Title: The Wearing of the Green
Author: Claire Saxby
Genre: Historical Fiction
Publisher: Walker Books Australia
Published: 1st April 2022
Synopsis: A powerful historical novel exploring themes of racism, classism and gender expectations present in a growing nation.
When Biddy arrives in Melbourne from Ireland in 1850, she knows exactly what she’s going to do – find her rebellious big brother, Ewen. Her plans are derailed when he’s not there to meet her and she’s forced into a situation that is nothing like she expected. Faced with challenges and chased by luck, bad and good, Biddy must find a strength within herself to build a new life – and to find her missing brother.
- A thoroughly researched historical fiction novel from award-winning author Claire Saxby
- This story fits into the upper-primary – early-secondary history curriculum, which looks at migration, diversity, development of community, government and of country.
- Claire Saxby was inspired to write this novel by the difficulties and prejudice her Irish ancestors faced when migrating to Australia in 1854.
Biddy Blackwell has arrived in Australia, in 1850. She’s an orphan of the Irish famine, and has come, she thinks, to join her brother, Ewen in his new life. Yet she is whisked away to the Morrison farm, where she finds herself working the farm, and taking care of young Annie, and watching as tragedy strikes the young family. When things start to get bad, Biddy runs away, aided by the local Indigenous people at first, then carried away by floods to a road that will take her to Melbourne. Once in Melbourne, she heads to the depot she began at, and starts a new life, finding that the girls she came over with have changed in the time since she has seen them. Soon, she finds a new place to live and a new job as she continues her search for Ewen. But can Biddy find and create a new home, in a country that doesn’t seem to accept her readily, and where she faces discrimination for being Irish, for what her ancestors believed in?
The Wearing of the Green was the first novel I’ve read that has examined the way the Irish were treated when they came to Australia in the wake of the famine, though I am aware there are others. I just haven’t come across them yet or read them, such as Bryce Courtenay’s The Potato Factory. Claire’s novel, I found, which is based on research and her own family past, examines this time in history sensitively and realistically, not shying away from the horrors. It presents them in a way that is accessible and realistic for readers of all ages, middle grade readers in particular, and I loved that Biddy was the centre of the novel – a girl’s voice in a world where women were less likely to have been heard. Her connection with the local Indigenous people in the first half of the novel I felt was done respectfully as possible – with each party reacting as they might have in the time, and I liked that they helped each other, especially when Biddy needed to get away from Morrison.
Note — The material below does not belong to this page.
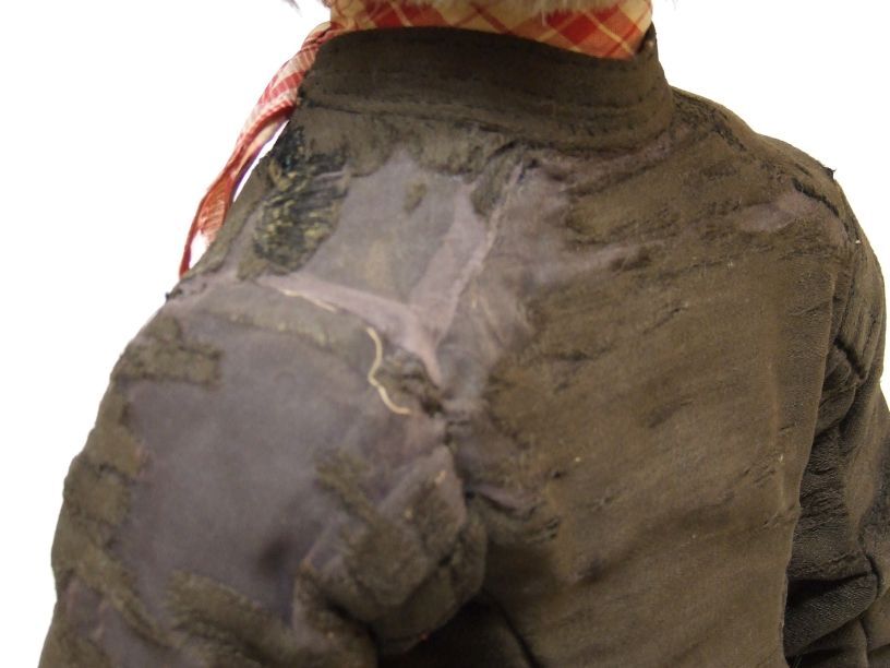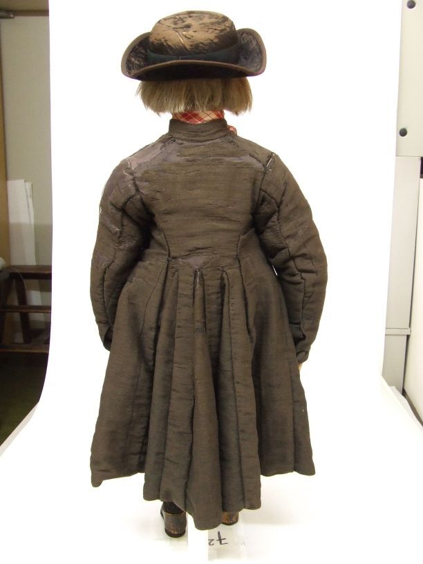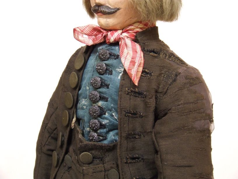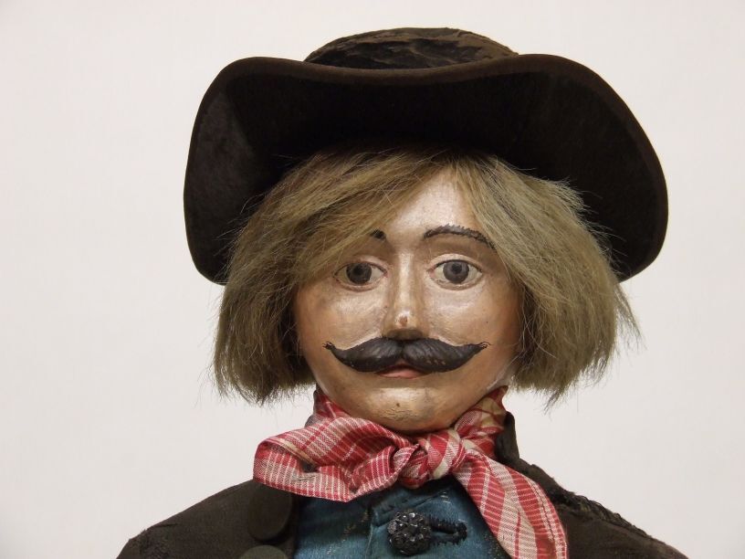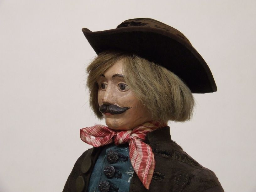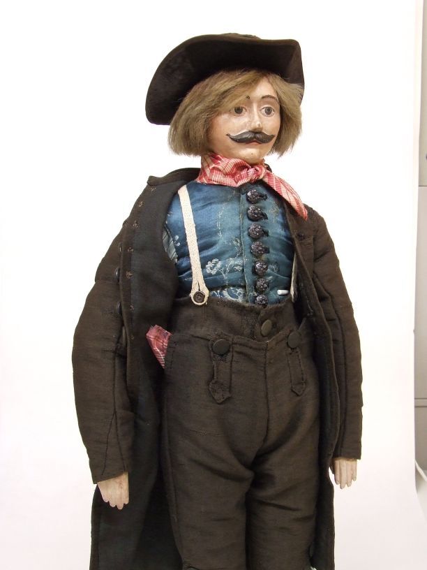 Houten mannenpop met blond haar en snor, in Hindelooper kostuum
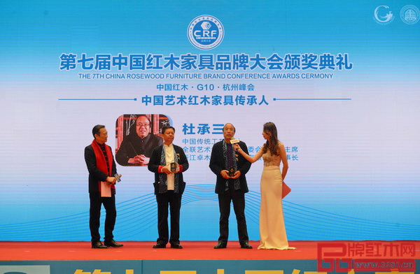 第七屆中國紅木家具品牌大會上,杜承三被評為中國藝術(shù)紅木家具傳承人

The novel touches on racism and discrimination of many kinds. Skin colour, where you come from – in this case, Ireland, gender, and class. Yet amidst this, Biddy finds comfort and friends, and a place where she belongs – a place where she can make a difference with her skills, her voice, and in a way that quietly disrupts what everyone thinks and assumes. In starting over, Biddy finds that she can make some kind of difference in her new world. I loved the touching detail of Biddy’s life back home, and how she tried to stand up for what she believed in so she could change the world for those that came after her. It is a story about family – the family we create from those around us, the family we find, and the family we have been searching for, like Biddy searched for Ewen.
And it is about hope – about never giving up and persevering with our goals and dreams even when things seem like they will never change, or seem hopeless. Biddy is a strong-willed character who never gives up, and I fell in love with her from the start, wanting to reach into the book and help her. But she needed to go on the journey she went on, and I loved that she was able to do so and find her own way. Just as all characters should when they find themselves in a situation like Biddy’s.
Another great book from Claire Saxby!